▶ _Task objective_
Retype exactly what appears below from the line containing "Kazak (Qazaq) group" down to the line containing "Shorts Top |", keeping both end lines. Do not include pictures.

▶ _Dataset records_
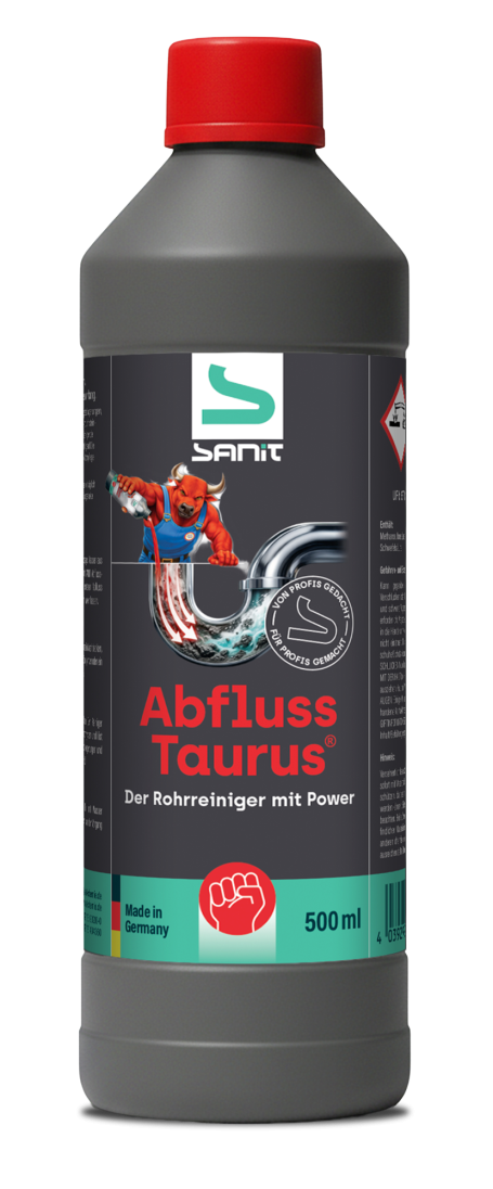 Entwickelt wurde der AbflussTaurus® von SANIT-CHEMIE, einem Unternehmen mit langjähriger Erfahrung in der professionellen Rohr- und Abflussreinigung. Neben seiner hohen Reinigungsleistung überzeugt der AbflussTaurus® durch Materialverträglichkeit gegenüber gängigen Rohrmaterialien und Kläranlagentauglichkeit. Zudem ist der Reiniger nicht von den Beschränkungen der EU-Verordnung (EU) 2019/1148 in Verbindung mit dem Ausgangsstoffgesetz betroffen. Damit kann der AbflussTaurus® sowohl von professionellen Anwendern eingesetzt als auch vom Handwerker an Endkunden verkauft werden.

==

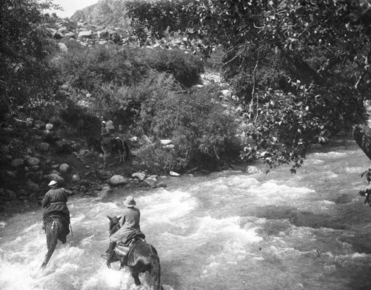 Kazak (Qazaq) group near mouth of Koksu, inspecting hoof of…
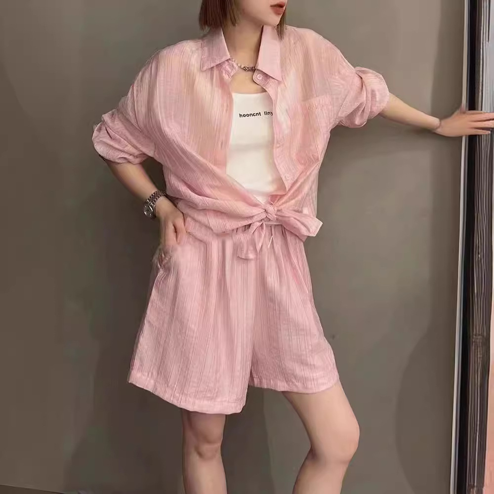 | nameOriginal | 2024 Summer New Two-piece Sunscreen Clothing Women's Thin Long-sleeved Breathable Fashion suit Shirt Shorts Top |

* * *

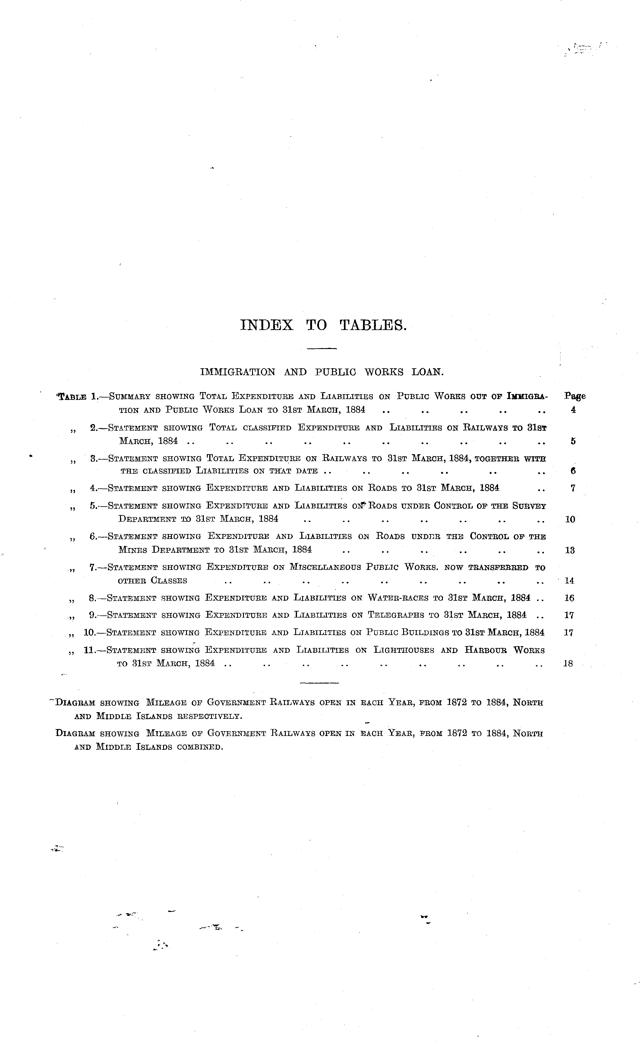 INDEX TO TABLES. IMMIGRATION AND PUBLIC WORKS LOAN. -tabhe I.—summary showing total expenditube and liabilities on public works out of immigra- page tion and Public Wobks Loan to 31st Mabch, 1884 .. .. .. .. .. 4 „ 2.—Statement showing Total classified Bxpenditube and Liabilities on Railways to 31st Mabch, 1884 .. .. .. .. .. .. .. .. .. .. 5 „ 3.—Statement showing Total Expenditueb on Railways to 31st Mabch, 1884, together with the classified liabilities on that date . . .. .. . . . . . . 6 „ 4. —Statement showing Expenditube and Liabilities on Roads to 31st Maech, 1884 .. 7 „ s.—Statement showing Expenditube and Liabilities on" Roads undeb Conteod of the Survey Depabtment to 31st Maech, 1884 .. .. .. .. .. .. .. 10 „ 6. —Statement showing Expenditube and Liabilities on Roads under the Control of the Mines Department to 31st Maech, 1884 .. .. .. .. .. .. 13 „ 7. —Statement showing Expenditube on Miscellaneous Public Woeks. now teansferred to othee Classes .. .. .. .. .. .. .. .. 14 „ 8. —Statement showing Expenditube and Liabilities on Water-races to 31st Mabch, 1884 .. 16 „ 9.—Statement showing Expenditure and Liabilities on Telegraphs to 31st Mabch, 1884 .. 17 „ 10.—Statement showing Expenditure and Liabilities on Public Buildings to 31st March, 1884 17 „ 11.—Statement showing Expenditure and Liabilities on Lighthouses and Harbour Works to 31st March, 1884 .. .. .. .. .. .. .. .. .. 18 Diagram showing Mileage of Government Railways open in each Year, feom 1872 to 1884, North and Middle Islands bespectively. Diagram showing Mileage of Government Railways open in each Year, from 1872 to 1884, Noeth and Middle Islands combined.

▶ _Response_
 Kazak (Qazaq) group near mouth of Koksu, inspecting hoof of…
 | nameOriginal | 2024 Summer New Two-piece Sunscreen Clothing Women's Thin Long-sleeved Breathable Fashion suit Shirt Shorts Top |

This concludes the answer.